Лишь тот достоин жизни и свободы, Кто каждый день идет за них на бой!

И пояснял: «Это совсем не значит, что в лагерях надо устраивать бунты, забастовки, побеги, отказы от работы, самоубийство. Конечно, плохо, что мы не играем для заключенных. Но мы знаем, что в зале, пусть не в первых рядах, среди мундиров, сидят те, кто прошел тот же путь — теперь они вольнонаемные второго, третьего сорта. Они нас ценят больше других. Так же и мы...»
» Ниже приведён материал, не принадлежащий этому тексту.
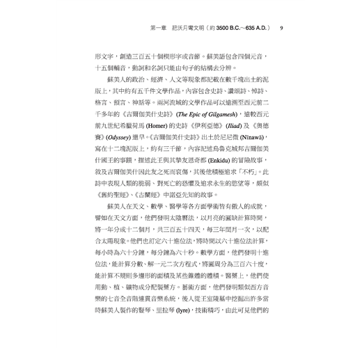 兩河流域的人民,自古雖飽受幼發拉底河與底格里斯河氾濫所苦,卻能憑藉洪水沖積後的肥沃土壤,創造出歷史上最古老的農耕文明之一。城邦四立、王國興起,以及隨之萌發的人類智慧基石:宗教、文字、神話、數學、天文、醫學……「美索不達米亞」不只是地理名詞,更代表古老文明的黎明時分。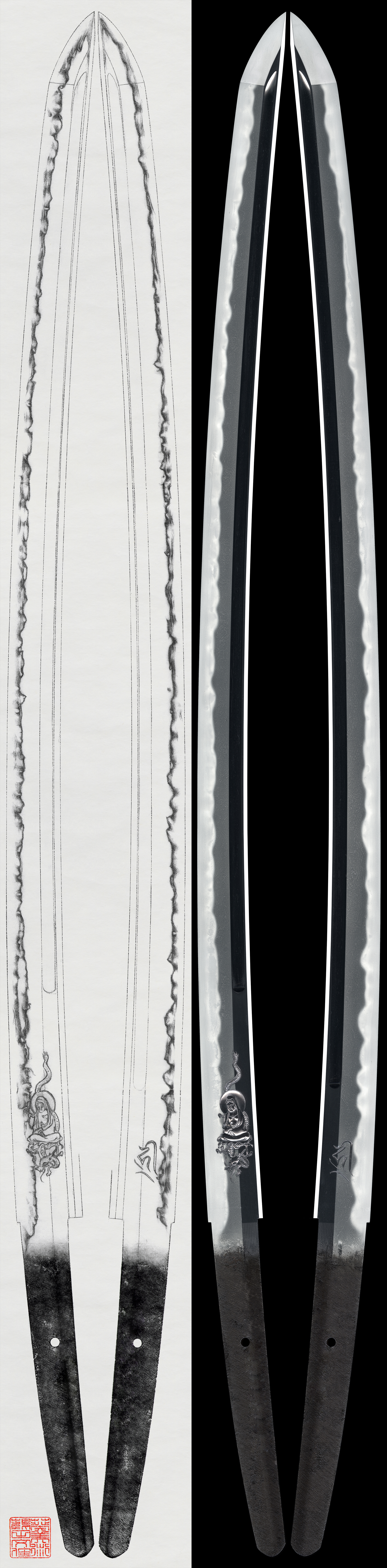 Both sides have a bohi groove, and near the base is a dense and skillfully carved horimono.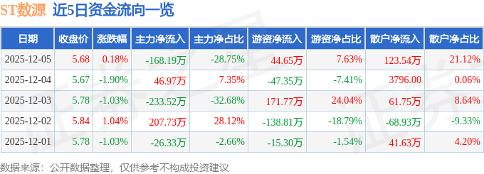 证券之星消息,截至2025年12月5日收盘,ST数源(000909)报收于5.68元,上涨0.18%,换手率0.24%,成交量1.03万手,成交额584.92万元。

Когда в конце 1946 года я уехал из Воркуты, Борис Аркадьевич еще оставался там. В 1947-1948 годах я работал в Коломне и Ворошиловграде. В Москве, где жили мои родные, мне жить не разрешили. В декабре 1948 года был арестован вновь, отправлен в ссылку в Норильск, где провел пять с половиной лет. После освобождения и реабилитации

- 51 -

приехал в Москву. Позвонил на квартиру Мордвиновых. Его мать была еще жива, подошла к телефону. Вспомнила мой приезд к ним в 1944 году, нашу беседу. Рассказала, что после освобождения Борис Аркадьевич "поставил в провинции «Золотой петушок». Спектакль отметили Сталинской премией. Встал вопрос о разрешении жить в Москве и, естественно, о работе. Вызвали в столицу для переговоров. В ночь после приезда в своей старой квартире он умер от инфаркта, во сне. Вскоре умерла и его жена.

Так и не пришлось нам встретиться в Москве на его новой премьере, о чем мы мечтали в лагере.